Mark Carney devra donc faire preuve d’une grande habileté pour parvenir à remonter les taux sans brider la reprise économique. Car tout resserrement de la politique monétaire est susceptible d’engendrer une hausse de la livre face aux autres monnaies ainsi que du taux des obligations souveraines, pouvant alors rendre le processus de désendettement coûteux. Enfin, et c’est probablement le risque majeur, la remontée des taux pourrait marquer la fin du cycle haussier dans l’immobilier de manière plus ou moins brutale.
Conclusion
Si la politique monétaire est un art, le banquier central lui est un véritable artiste. C’est en tout cas la vision adoptée par l’ensemble des investisseurs internationaux au cours de l’année 2013. Mais le vent semble tourner. Le marché anticipe qu’il va se passer quelque chose dans les mois à venir.

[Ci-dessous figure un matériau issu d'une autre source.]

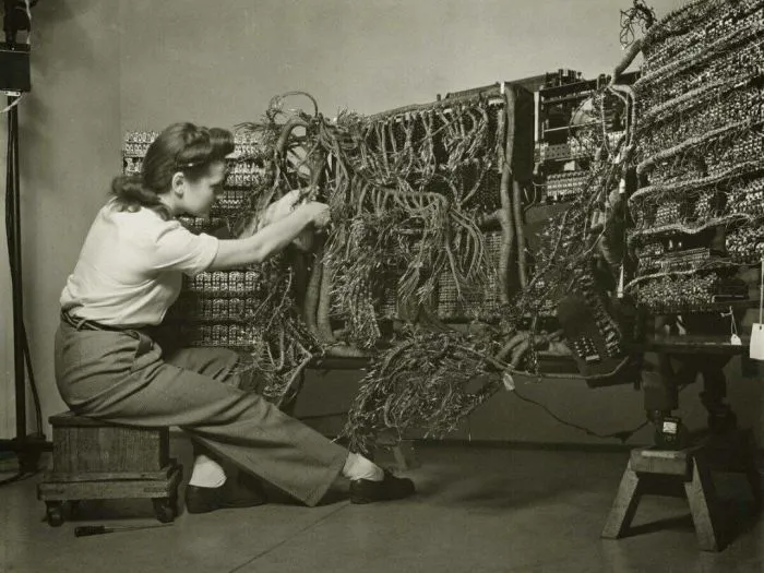 11. Инженер подключает один из первых компьютеров IBM, 1958 год

En témoigne notamment ce premier mois de l’année qui fut dévastateur pour les bourses mondiales, une première depuis quatre ans.
Crise dans les économies émergentes, matérialisation du risque de déflation, endettement incontrôlable ou reprise chimérique… Une chose est certaine, dans un avenir proche, les banquiers centraux vont être amenés à essuyer de nombreuses critiques, voire même à répondre de leur actes.